§ **PROMPT**
Output, exactly as written, the lines below starting at the line containing "MERIAH4D Bukti Kemenangan SLOT MAHJONG WAYS" and ending at the line containing "Selling a vintage". Drop the pictures and keep both end lines.

_ _ _

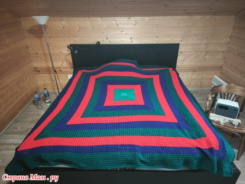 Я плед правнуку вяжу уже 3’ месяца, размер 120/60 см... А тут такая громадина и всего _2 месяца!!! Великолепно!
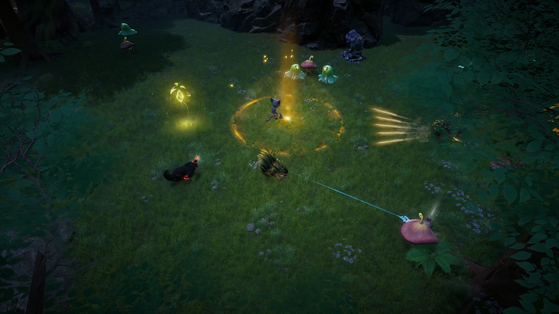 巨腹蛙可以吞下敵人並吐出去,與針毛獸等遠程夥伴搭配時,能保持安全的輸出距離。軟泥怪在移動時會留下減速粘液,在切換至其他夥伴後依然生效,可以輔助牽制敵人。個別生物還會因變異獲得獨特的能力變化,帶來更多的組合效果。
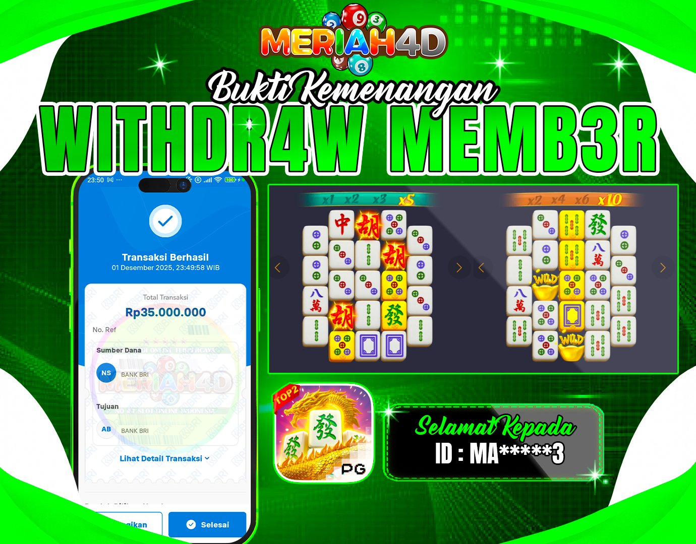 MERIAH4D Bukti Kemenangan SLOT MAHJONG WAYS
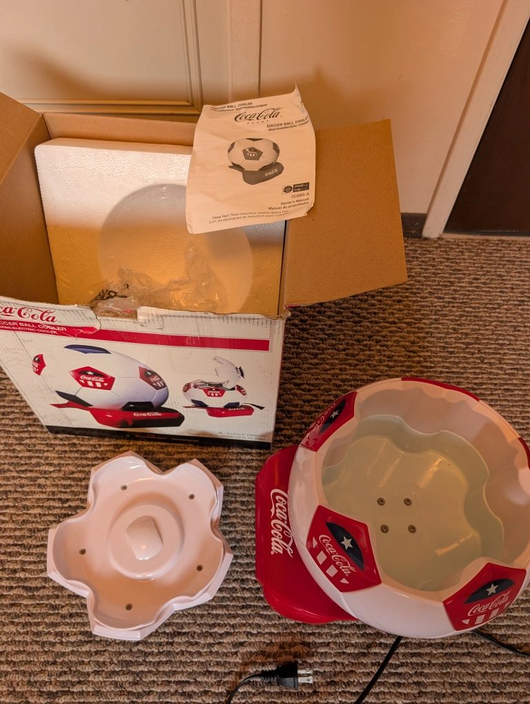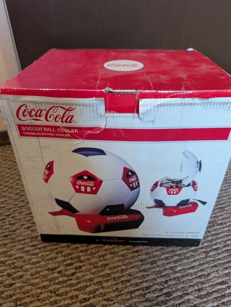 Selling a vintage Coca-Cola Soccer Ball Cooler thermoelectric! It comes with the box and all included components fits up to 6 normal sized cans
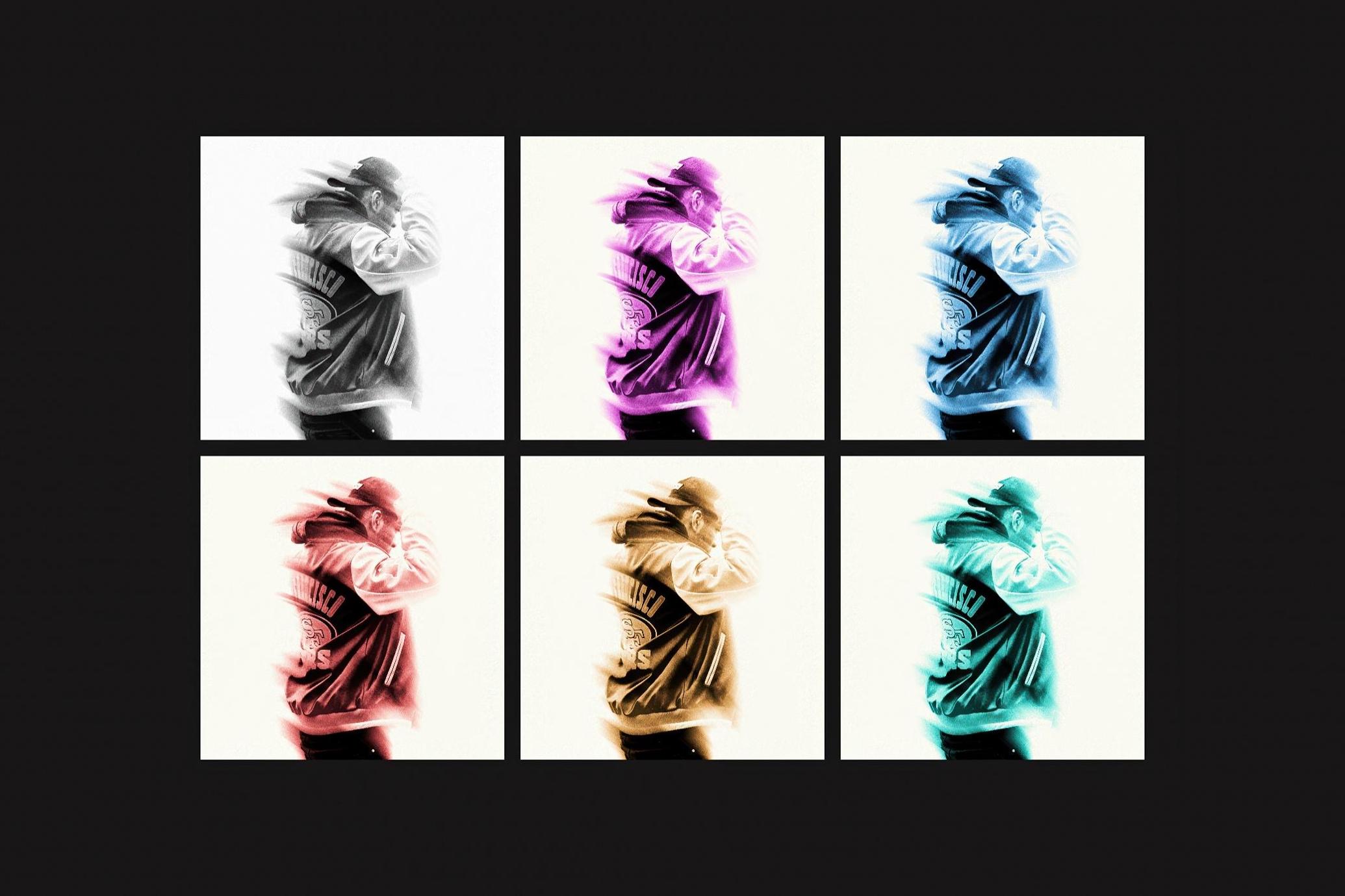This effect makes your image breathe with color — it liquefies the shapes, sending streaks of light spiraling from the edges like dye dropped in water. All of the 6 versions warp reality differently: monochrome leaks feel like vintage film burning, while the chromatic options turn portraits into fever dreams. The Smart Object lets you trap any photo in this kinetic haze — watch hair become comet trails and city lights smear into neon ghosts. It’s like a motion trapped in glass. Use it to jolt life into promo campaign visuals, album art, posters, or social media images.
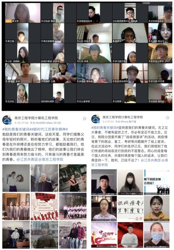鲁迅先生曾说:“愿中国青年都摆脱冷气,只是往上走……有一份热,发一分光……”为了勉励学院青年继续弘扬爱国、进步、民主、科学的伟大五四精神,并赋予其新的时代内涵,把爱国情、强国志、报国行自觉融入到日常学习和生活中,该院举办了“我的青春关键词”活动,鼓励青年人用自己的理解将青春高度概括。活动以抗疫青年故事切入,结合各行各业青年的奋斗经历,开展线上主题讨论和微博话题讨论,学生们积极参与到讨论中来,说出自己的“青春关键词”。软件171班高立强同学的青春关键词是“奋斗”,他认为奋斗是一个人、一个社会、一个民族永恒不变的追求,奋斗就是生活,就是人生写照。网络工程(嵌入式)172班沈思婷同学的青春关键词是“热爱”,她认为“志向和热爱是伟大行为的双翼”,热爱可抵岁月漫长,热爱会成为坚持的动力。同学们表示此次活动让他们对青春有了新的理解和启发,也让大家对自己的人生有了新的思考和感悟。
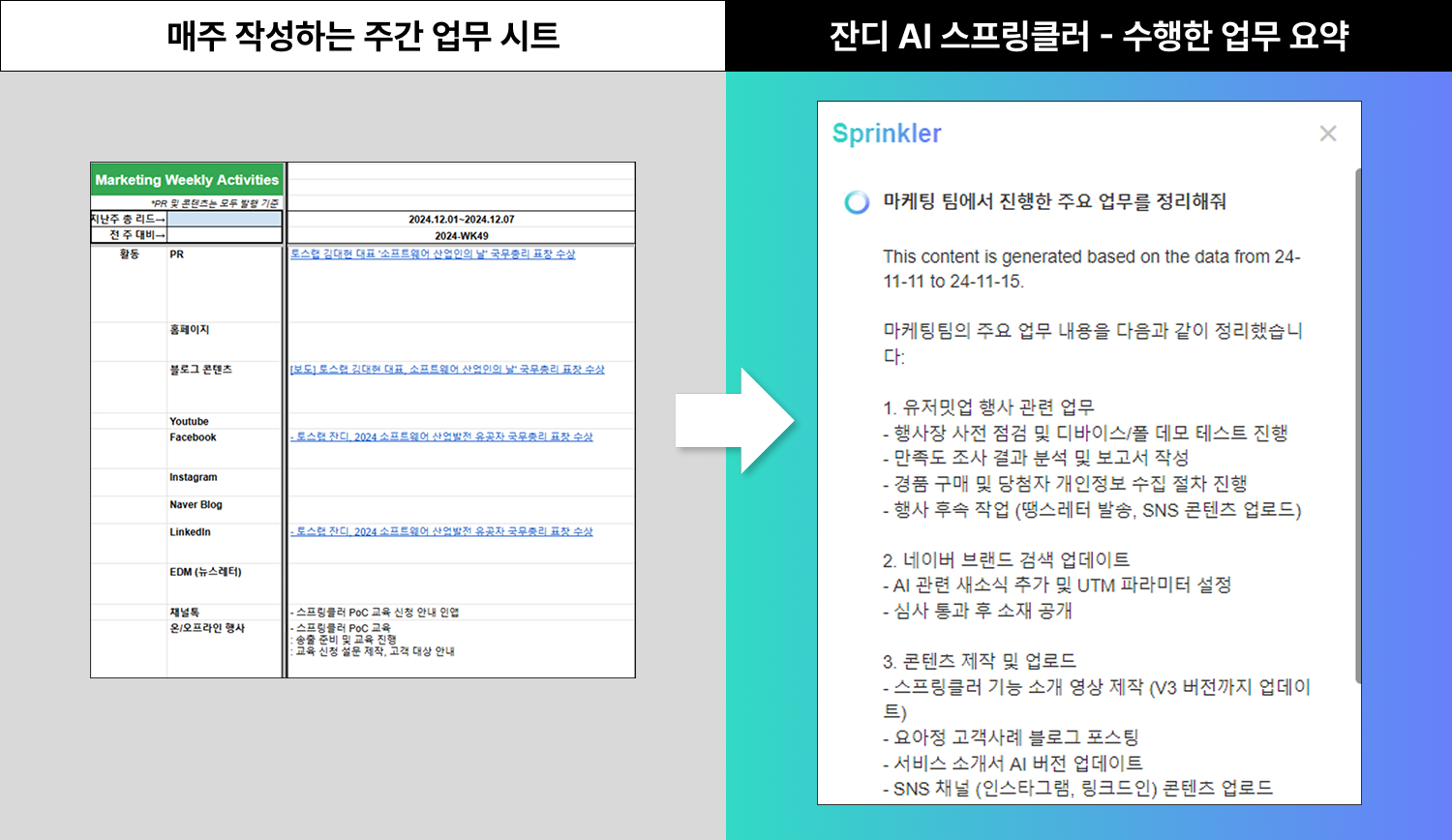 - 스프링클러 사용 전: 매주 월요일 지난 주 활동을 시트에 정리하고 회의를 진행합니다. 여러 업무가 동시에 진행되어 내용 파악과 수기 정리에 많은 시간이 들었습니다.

_ _ _

§ **RESPONSE BOX**
 MERIAH4D Bukti Kemenangan SLOT MAHJONG WAYS
 Selling a vintage Coca-Cola Soccer Ball Cooler thermoelectric! It comes with the box and all included components fits up to 6 normal sized cans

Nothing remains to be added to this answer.